What many of us who love words, reading, books, and arguing our point is the injustice and indignity of Tom’s particular cancer which was situated in the language center of his brain. The wonder and strange thrill of his book is reading him as he is articulating what language means and what it means when a writer is losing language. You would think: “too morbid”. But no.

These books, Tom’s and Marion’s, are slim and carefully crafted. These two are such fine
writers so I encourage you to read both, together and side by side. Do you see how each one describes the same day? What does it look like to him? To her? How they see the world includes what they see, as they see each other, even how they see death.

From Marion: “A palliative nurse came to see us at home in the autumn of 2010. She said, ‘On a scale of one to seven, how would you rate your quality of life?’ There was a long pause while we digested this madness. Tom, slightly absent, lightly bored, said thoughtfully, ‘That’s a ridiculous question. Obviously we go—“Oh God” all the time, at all the stuff to be done. But generally it is wonderful. We are interested.”

From Tom: “Mortal. We occupy a limited patch of space for a limited patch of time. Like the art of realistic paintings: pictures hold an equivalent in the confined areas which they enframe, and the brief narratives they represent…We know the deal. We’re bodies. We are not in our own hands.”

Marion’s life continues. Tom’s life does not. But these books do. And what they “enframe” for us is wisdom, self-compassion and love. And this thing that we all do until death—we try to put life into words.

Saturday, September 2, 2017

Grow Your Own Mother

Last week on vacation I read, “Will I Ever Be Good Enough?” by Karyl McBride, PhD. It is about healing and growth for daughters of narcissistic mothers. McBride writes about the persistent feeling of never being good enough and the invisibility that accrue to women whose mothers were on the continuum from self-absorbed to full-blown narcissist.

Part of the recovery that McBride suggests is developing an internal mother who is all the things that one’s real mother was not able to be. 


So, at the beach I began to envision what that new mother of mine might be like.
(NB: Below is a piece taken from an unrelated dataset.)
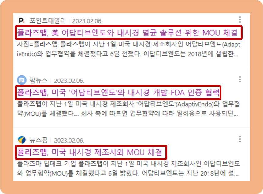 2023년 2월 1일, 플라즈맵이 어답티브엔도(미국 내시경 제조기업)와 업무 협약을 체결했습니다.

I began to imagine borrowing parts of other women—and some men—to grow my own mother.

To be fair I did include many of the great qualities of my own real Mom: passion, curiosity, charity, physical energy and humor. But, as I walked the beach, I began to name the people who I would include as I grow my internal mother.
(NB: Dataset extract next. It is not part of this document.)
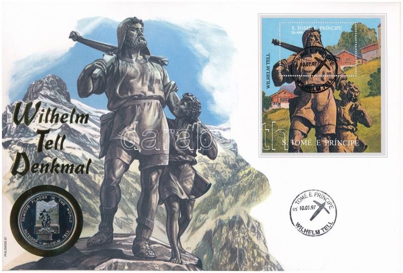 Description: Uganda 1996. 1000Sch Cu-Ni "Tell Vilmos" multicolor, érmés borítékban, Sao Tomé és Principé bélyeggel, bélyegzéssel, német nyelvű leírással T:PP Uganda 1996. 1000 Schilling Cu-Ni "Wilhelm Tell" multicolor, in coin envelope with stamp and cancellation, with German language description sheet C:PP

I added in bits of Georgia O’Keefe, May Sarton, parts of some good friends whom I’d want to have as part of my eternal mom-in-me. I also added in my two grandmothers: Josephine and Sophia. I never met them, but I knew of them.

But could I pass up a grandmother named Sophia—wisdom—in building my inner mother? And Josephine, my maternal grandmother) who was a professional a poker player and the neighborhood “reproductive health advocate” (she helped women in poverty to limit the size of their families.)  As I walked the beach I wrote the names of these woman in the sand, physically co-signing the new mother-in-me.

I picture this mom-in-me growing kind of like one of those pills you drop in water to delight a child. After soaking up lots of water the foamy pill blossoms into a seahorse or dragon. Now, soaked in lots of saltwater—both ocean and tears--I am growing my own mother.